As for me, I could hardly listen to the play. I was thinking of these two dear women from the village, and what it meant to them to have something different to do. But even more, I was watching Ellen, that had set out to make them have a good time, and was doing her best at it, getting them to talk and making them laugh, when the curtain was down. But when the curtain was up, it seemed to me that Ellen wasn't listening to the play so very much, either.
Before the last act, Ellen had to get back to the baby, so we left the two of them there and went home.
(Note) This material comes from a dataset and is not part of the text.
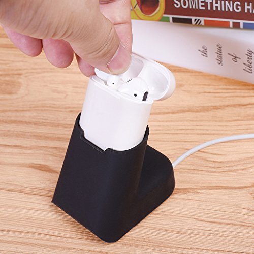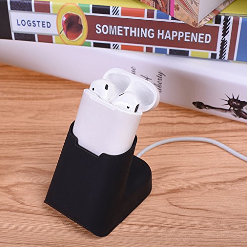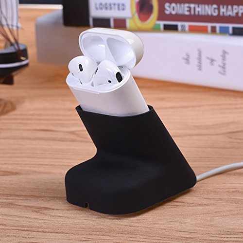 -. Feature : Compatible with: Apple Airpods Wireless Bluetooth Headsets. / Protable and weightlight, easy to carry and use whenever you need. / Soft Silicone rubber material,not easily infected with dirt stains,easy to clean. / Earphones desktop charging case dock stand charger station cable winder holder. / Built-In thread winder,provides a convenient and safe wire management programs.

"Alone in the box!" says Mame Holcomb, as we were leaving. "My land, and my hat's trimmed on the wrong side for the audience!"
"Do we have to go when it's out?" says Mis' Toplady. "Won't they just leave us set here, on—and on—and on?"
I remember them as I looked back and saw them, sitting there together. And something, I dunno whether it was the wedding-trip poplin dress, or the thought of the two dining-rooms where they'd set for so long, or of the little lark they'd planned, sort of made a lump come and meet a word I was trying to say.
We'd got out to the entry of the box, when somebody came after us, and it was little bit of Mame Holcomb, looking up with eyes bright as a blue jay's at the feed-dish.
"Oh," she says to Ellen, "I ain't half told you—neither of us has—what this means to us. And I wanted you to know—we both of us do—that the best part is, you so sort of understood."
Ellen just bent over and kissed her. And when we came out in the hall, all light and red carpet, I see Ellen's eyes were full of tears.
And when we got in the taxicab: "Ellen," I says, "I thank you, too—ever so much. You did understand. So did I."
"I don't know—I don't know," she says "But, Calliope, how in the world do you understand that kind of thing?"